- **Exercise brief**
Beginning with the first line, retype exactly the records below up to and including the line with "Esta tampa para"; pictures do not belong in the copy.

(Data extracted from a collection)

----------------------------------------

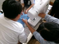 縫い方、ミシンの使い方をボランティアの方が見守り、教えてくれます。
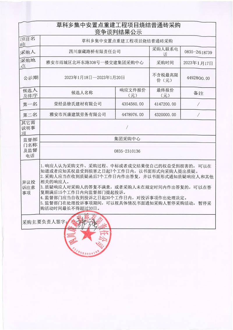 四川康藏路橋有限責(zé)任公司草科鄉(xiāng)集中安置點(diǎn)重建工程項(xiàng)目燒結(jié)普通磚采購競爭談判結(jié)果公示
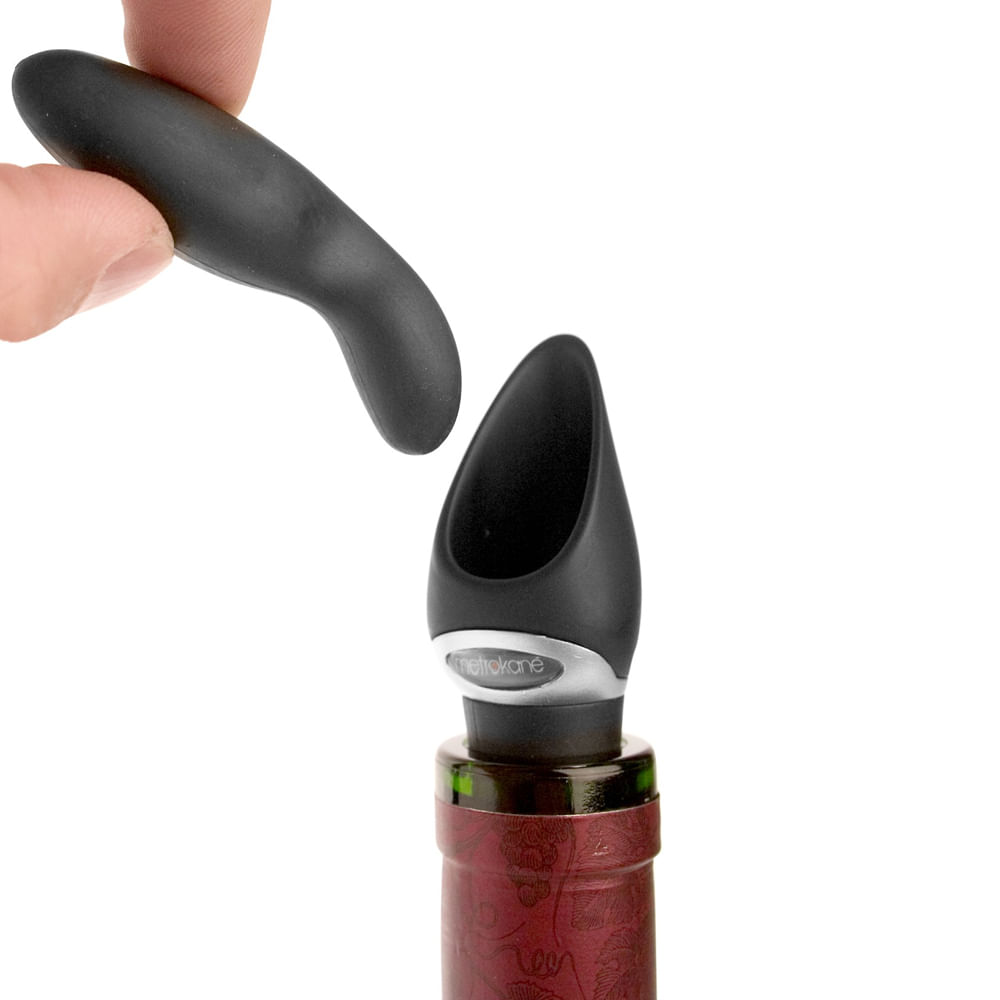 Esta tampa para garrafa é ideal para armazenar vinhos em curto prazo. Sua vedação ocorre graças ao formato do bico especialmente projetado para se encaixar perfeitamente na garrafa, enquanto o acabamento aveludado garante sofisticação e durabilidade.
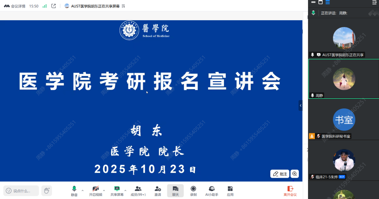 为帮助2026届本科生准确把握考研形势,科学确立考研目标学校,展示学院培养研究生实力和成果,10月23日下午,医学院组织召开线上2026届本科生考研报名宣讲会。学院院长胡东主讲,学院党委副书记周静主持会议,学院副院长葛德永、毕业班辅导员、2026届考研本科生参加会议。
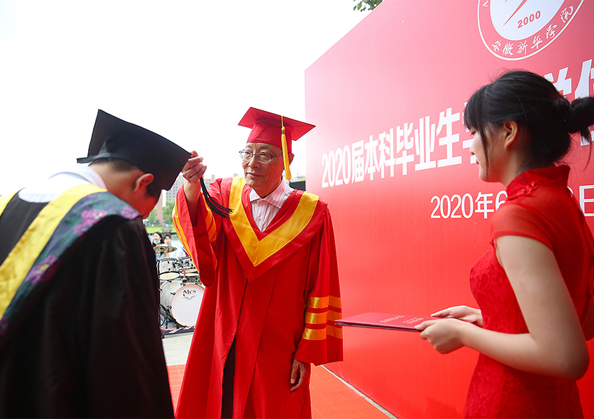 新葡萄娱乐场798集团? 安徽新葡萄娱乐场798学院校长石秀和为结业生代表正冠扶苏

----------------------------------------

- **Response area**
 縫い方、ミシンの使い方をボランティアの方が見守り、教えてくれます。
 四川康藏路橋有限責(zé)任公司草科鄉(xiāng)集中安置點(diǎn)重建工程項(xiàng)目燒結(jié)普通磚采購競爭談判結(jié)果公示
 Esta tampa para garrafa é ideal para armazenar vinhos em curto prazo. Sua vedação ocorre graças ao formato do bico especialmente projetado para se encaixar perfeitamente na garrafa, enquanto o acabamento aveludado garante sofisticação e durabilidade.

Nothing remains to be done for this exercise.